By Martins Itua
The story is told of a hunter who went hunting in the forest all night, killed an antelope and sold it to a restaurant owner for N2,000. He later visited the restaurant in the evening in the company of four of his friends to drink pepper soup. Each of them ordered for a plate of antelope pepper soup which costs N1,500. In the end, they spent N7,500 buying antelope pepper soup made from the antelope which was sold at only N2,000. The restaurant owner also sold to another 10 to 15 customers who came to drink pepper soup from his restaurant. So he ended up selling a total of about N22,500 from the same antelope which he bought for only N2,000.
The analogy above explains the situation Nigeria and indeed Africa has found itself. Even though we have the most arable lands in the world and can grow almost any crop and rear all kind of animals, we are still unable to feed ourselves. The world’s poorest people are found on the many plantations across Africa. People have farms in many villages across the length and breadth of Nigeria but most of them are still at the existential level of humanity. Some of these people have large plantations of cassava, yam, pineapples, plantains, etc. There are several others who have for many years focused on animal husbandry but they are only able to feed themselves and their immediate families.

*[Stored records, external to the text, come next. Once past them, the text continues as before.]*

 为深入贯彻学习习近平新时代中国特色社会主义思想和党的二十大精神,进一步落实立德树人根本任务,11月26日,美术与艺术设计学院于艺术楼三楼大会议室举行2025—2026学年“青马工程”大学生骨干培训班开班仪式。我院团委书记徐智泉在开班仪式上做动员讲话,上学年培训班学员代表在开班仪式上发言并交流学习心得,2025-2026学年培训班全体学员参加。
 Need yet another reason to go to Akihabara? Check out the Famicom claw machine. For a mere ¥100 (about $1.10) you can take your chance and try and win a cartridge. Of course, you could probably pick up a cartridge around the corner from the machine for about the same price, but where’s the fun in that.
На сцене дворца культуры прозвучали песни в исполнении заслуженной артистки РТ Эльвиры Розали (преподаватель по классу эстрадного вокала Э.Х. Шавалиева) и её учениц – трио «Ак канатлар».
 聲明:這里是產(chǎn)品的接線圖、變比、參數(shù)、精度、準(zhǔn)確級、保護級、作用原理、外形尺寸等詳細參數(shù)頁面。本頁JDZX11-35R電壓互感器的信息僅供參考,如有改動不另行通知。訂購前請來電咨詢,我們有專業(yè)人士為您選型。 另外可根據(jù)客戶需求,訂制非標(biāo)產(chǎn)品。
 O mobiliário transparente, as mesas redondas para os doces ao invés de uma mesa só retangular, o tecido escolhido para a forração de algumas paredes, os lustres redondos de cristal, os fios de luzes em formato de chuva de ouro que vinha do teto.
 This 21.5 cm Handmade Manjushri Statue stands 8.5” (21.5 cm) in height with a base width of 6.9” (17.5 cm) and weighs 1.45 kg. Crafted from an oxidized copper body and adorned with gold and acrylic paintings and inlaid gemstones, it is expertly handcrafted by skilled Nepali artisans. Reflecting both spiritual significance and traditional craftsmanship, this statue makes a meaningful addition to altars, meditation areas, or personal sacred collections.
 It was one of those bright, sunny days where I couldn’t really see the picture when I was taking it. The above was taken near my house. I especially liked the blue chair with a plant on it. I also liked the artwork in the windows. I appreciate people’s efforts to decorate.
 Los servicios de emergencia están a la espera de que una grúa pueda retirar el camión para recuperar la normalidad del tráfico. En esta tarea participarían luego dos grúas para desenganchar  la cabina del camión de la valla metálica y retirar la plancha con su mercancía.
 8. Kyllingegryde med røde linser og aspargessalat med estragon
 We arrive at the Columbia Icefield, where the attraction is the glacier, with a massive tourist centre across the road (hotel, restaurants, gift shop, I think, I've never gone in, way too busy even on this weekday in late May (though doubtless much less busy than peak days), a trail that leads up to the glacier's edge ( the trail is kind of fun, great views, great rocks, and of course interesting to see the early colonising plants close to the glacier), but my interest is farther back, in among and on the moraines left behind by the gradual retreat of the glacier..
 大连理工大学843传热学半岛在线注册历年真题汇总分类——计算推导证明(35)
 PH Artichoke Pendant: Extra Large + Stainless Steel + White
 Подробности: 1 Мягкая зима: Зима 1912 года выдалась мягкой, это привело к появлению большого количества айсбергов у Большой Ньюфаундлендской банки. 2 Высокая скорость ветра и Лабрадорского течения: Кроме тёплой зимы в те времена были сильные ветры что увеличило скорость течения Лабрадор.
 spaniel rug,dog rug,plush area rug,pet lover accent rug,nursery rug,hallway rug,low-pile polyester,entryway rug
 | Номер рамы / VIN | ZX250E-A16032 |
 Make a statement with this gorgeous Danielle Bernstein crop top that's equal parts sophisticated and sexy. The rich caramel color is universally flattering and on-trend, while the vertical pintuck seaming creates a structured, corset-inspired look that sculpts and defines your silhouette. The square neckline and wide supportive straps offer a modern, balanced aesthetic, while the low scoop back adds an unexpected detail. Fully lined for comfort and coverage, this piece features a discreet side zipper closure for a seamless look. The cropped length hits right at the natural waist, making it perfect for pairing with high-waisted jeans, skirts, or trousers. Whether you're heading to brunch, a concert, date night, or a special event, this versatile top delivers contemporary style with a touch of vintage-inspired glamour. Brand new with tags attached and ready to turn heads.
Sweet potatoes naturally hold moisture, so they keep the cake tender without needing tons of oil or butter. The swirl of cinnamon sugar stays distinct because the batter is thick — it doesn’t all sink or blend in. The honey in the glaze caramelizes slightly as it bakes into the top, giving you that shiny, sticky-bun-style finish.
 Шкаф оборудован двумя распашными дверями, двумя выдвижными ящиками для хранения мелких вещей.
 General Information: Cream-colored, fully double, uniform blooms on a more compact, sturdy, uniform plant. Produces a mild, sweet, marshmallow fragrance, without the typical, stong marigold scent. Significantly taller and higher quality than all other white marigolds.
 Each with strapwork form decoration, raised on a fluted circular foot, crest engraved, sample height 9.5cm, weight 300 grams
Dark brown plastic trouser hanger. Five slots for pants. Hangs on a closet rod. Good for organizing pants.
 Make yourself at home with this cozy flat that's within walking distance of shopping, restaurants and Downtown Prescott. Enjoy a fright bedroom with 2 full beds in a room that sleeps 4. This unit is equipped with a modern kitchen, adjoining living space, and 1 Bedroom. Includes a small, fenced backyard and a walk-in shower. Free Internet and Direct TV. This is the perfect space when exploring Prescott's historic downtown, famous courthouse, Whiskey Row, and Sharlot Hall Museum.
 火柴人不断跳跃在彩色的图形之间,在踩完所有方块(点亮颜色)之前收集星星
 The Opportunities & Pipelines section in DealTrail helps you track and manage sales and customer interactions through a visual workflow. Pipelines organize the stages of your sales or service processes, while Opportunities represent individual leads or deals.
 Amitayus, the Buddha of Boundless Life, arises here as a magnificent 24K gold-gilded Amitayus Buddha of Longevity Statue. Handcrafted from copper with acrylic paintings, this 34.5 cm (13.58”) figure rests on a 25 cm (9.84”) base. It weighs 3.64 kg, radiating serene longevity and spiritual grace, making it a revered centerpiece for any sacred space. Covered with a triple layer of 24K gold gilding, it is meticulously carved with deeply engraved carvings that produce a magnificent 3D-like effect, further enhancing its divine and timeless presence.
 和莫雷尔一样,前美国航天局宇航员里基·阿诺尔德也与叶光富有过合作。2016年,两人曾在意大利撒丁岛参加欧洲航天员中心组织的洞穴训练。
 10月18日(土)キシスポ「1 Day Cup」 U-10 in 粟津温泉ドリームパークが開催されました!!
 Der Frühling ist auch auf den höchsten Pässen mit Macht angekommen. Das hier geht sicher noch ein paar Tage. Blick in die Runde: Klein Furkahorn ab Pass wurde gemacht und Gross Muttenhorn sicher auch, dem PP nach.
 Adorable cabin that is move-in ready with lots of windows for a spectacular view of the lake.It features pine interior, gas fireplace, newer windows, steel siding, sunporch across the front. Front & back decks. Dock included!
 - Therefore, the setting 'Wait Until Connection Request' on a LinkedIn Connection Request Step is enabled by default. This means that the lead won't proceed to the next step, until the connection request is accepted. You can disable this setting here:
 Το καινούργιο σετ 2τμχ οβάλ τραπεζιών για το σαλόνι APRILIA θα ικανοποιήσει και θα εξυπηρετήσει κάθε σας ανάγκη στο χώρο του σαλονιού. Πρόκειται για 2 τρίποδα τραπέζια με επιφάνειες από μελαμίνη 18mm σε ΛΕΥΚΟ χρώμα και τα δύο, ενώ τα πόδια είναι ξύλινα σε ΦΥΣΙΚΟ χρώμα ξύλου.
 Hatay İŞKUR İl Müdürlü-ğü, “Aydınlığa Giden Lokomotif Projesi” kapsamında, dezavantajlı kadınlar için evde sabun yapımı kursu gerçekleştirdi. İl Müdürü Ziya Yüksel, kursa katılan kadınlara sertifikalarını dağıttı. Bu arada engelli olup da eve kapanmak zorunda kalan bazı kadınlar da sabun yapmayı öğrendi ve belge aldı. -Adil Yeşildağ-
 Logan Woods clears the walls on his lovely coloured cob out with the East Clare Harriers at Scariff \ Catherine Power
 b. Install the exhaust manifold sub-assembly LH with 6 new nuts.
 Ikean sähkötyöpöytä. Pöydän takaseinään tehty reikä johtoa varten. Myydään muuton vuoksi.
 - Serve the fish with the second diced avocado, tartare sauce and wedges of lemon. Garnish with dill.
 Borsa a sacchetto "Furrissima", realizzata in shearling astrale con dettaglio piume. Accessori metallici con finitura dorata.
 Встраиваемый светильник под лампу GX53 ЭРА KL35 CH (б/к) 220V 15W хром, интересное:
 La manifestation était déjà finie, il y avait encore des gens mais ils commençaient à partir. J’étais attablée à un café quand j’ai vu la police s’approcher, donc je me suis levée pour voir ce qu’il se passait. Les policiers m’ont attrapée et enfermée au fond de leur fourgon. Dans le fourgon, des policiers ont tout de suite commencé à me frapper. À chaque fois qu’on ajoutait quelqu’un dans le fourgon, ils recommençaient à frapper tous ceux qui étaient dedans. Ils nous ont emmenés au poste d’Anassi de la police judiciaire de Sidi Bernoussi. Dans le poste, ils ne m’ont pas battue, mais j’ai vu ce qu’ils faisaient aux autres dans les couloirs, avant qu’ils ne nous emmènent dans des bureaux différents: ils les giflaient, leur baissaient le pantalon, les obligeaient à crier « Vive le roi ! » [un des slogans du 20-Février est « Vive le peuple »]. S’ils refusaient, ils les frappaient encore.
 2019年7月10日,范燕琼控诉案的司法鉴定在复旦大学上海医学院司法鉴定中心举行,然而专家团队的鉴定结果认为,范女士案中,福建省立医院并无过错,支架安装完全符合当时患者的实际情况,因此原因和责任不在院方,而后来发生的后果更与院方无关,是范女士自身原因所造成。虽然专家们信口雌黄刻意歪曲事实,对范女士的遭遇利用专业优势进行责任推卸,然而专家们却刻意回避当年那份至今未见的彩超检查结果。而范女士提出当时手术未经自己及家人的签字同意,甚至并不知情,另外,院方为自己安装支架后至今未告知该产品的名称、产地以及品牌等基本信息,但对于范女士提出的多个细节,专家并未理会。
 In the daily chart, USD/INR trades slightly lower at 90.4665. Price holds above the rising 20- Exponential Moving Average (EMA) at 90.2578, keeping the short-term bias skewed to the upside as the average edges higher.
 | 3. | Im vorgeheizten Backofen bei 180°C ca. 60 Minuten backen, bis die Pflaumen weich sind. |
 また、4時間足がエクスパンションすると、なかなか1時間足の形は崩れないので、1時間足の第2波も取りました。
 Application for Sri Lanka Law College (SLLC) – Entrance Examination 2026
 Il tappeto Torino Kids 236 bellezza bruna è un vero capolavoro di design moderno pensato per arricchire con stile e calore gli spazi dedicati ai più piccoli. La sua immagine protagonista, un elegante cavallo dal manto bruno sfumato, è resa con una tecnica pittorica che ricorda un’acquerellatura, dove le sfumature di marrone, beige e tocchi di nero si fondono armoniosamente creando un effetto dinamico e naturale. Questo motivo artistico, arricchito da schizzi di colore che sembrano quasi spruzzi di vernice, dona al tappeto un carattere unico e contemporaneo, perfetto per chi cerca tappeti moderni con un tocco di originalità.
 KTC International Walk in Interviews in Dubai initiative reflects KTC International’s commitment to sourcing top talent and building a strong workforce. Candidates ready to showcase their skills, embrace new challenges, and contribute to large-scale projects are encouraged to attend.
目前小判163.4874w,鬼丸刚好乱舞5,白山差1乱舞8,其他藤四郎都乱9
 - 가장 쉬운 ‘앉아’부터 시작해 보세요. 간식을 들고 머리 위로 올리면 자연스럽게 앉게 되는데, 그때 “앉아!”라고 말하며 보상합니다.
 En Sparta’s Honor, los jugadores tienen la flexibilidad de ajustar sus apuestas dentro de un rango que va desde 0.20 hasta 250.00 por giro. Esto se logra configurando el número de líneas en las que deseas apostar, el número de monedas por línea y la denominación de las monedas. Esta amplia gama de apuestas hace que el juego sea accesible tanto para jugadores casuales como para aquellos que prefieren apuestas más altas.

So when you listen to the new cliché that agriculture is the answer to our quest for economic diversification and emancipation, you are often not told that we have been farming for as long as Nigeria has existed as a nation. So the solution to our problem of under-development and unemployment is not in increasing the size of the farms but in exploiting all the opportunities in the value chain. The farmer who only hunts for meat and sells to the restaurant owner for peanuts will perpetually remain poor as long as he is unable to understand that his future is not in the hunting but in taking a step further to convert his meat to pepper soup. Otherwise, the restaurant owner will continue to be richer and may even begin to price down the meat supplied by the hunter. The hunter will not have a choice but to sell to him because he either cannot see the opportunities or is uninterested in exploiting them. Somehow, the hunter does not know that the only reason the restaurant is able to sell pepper soup is because he provides the meat. Ivory Coast supplies over 33% of cocoa produced in the world followed by Indonesia and Ghana. Yet, the same people who supply a third of the world’s raw material for chocolates have themselves never tasted chocolates in their lives.
In our quest to diversify Nigeria’s economy and remove the over-dependence on earnings from oil, it must be clear that agriculture alone cannot solve our problems. As important as it is that people are encouraged to start their farms to meet local demands and possibly export, it must be known that Nigeria is going nowhere unless we are able to set up systems that convert our farm produce into finished products. Nigeria imports over 70 metric tons of tomatoes costing an estimated N11 billion annually. Meanwhile, Nigeria is the world’s largest producer of tomatoes after Egypt. We spend an outrageous half a trillion naira to import rice annually.
The question that our policy makers first need to answer is how come we are the world’s largest producer of tomatoes, yet we import over 70 metric tons of the same product? Where are all the mangoes, oranges and pineapples that are produced in Benue State? The farmers in Benue State still suffer huge wastage despite the fact that Transcorp set up a factory with an annual capacity of 26,500 metric tonnes to produce orange, mango and pineapple fruit juice concentrates. We produce enough mangoes that can last the whole year and possibly feed the whole of Africa. But clearly, the problem is not in the production but in the preservation, transportation of produce, finding the right markets, processing of products into concentrates and fruit juice, etc. Nigeria is probably the largest producer of maize in the world but most of our maize are either hawked on the streets where hawkers are chased by Police or sold on the road-side for next to nothing. But Nigerians buy well-packaged sweetcorn to cook at home because the local ones are not processed.
The answers are simple. It is the same reason why Nigeria is one of the world’s largest producers of petroleum, yet we import petrol at exorbitant prices. We must develop the entire value chain from the farm to the final consumer and increase our capacity to process our farm produce locally to meet local demand and that of the West African market. We must take it beyond the rhetoric and lip service and initiate plans that ensure that we not only encourage people to go to the farm but take a step further and build plants and factories needed to process the goods. In the end, mechanised farming does not require many hands and will not solve our unemployment problem. But factories will need a variety of competencies and professionals. It will not only help reduce the unemployment problem but will make Nigeria a producer and exporter of food and finished products.